TASK REQUIREMENTS ->
Take the lines below between the one holding "四川封面传媒有限责任公司公务机票代理服务商采购项目中标结果公告" and the one holding "The combination of", inclusive, and copy them exactly. Add nothing.

RECORDS PROVIDED ->
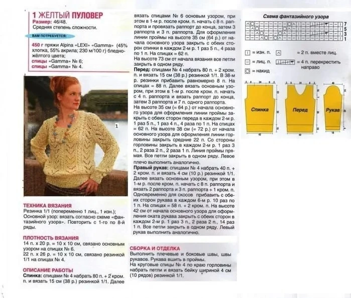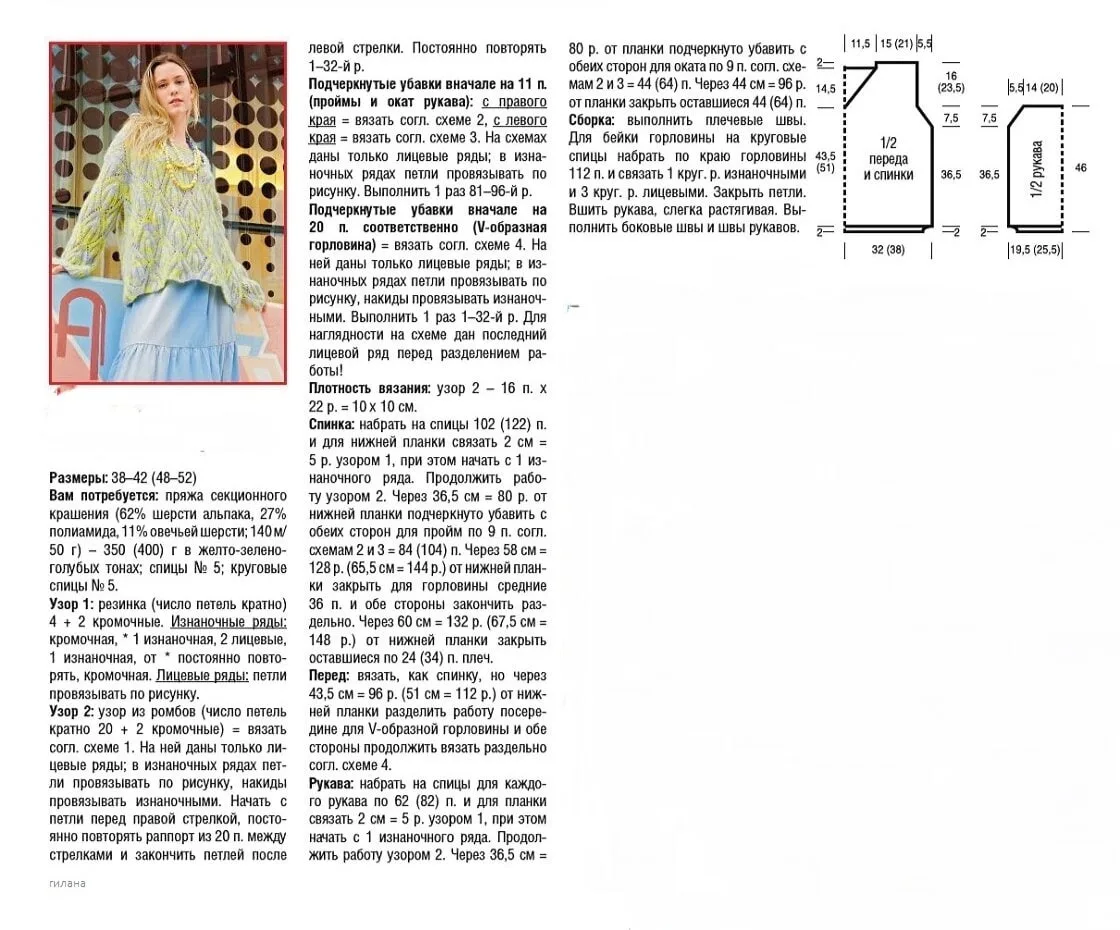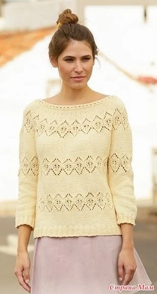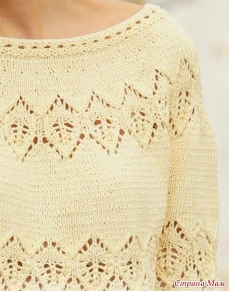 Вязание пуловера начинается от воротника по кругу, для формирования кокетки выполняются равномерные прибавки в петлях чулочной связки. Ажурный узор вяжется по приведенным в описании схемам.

==

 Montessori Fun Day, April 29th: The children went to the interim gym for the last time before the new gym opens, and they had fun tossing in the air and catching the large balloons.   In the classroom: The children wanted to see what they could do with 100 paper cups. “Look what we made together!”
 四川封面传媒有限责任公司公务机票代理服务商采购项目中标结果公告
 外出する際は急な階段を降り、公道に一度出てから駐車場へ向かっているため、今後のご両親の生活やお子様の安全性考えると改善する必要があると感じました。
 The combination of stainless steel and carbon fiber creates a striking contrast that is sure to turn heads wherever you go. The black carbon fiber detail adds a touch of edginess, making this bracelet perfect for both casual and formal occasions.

--

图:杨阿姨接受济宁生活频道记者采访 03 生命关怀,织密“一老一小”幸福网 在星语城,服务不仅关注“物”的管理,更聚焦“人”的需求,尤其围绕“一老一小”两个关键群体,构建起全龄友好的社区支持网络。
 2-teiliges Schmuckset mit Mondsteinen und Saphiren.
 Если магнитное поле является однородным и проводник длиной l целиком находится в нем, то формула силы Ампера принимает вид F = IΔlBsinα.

WRITTEN SOLUTION ->
 四川封面传媒有限责任公司公务机票代理服务商采购项目中标结果公告
 外出する際は急な階段を降り、公道に一度出てから駐車場へ向かっているため、今後のご両親の生活やお子様の安全性考えると改善する必要があると感じました。
 The combination of stainless steel and carbon fiber creates a striking contrast that is sure to turn heads wherever you go. The black carbon fiber detail adds a touch of edginess, making this bracelet perfect for both casual and formal occasions.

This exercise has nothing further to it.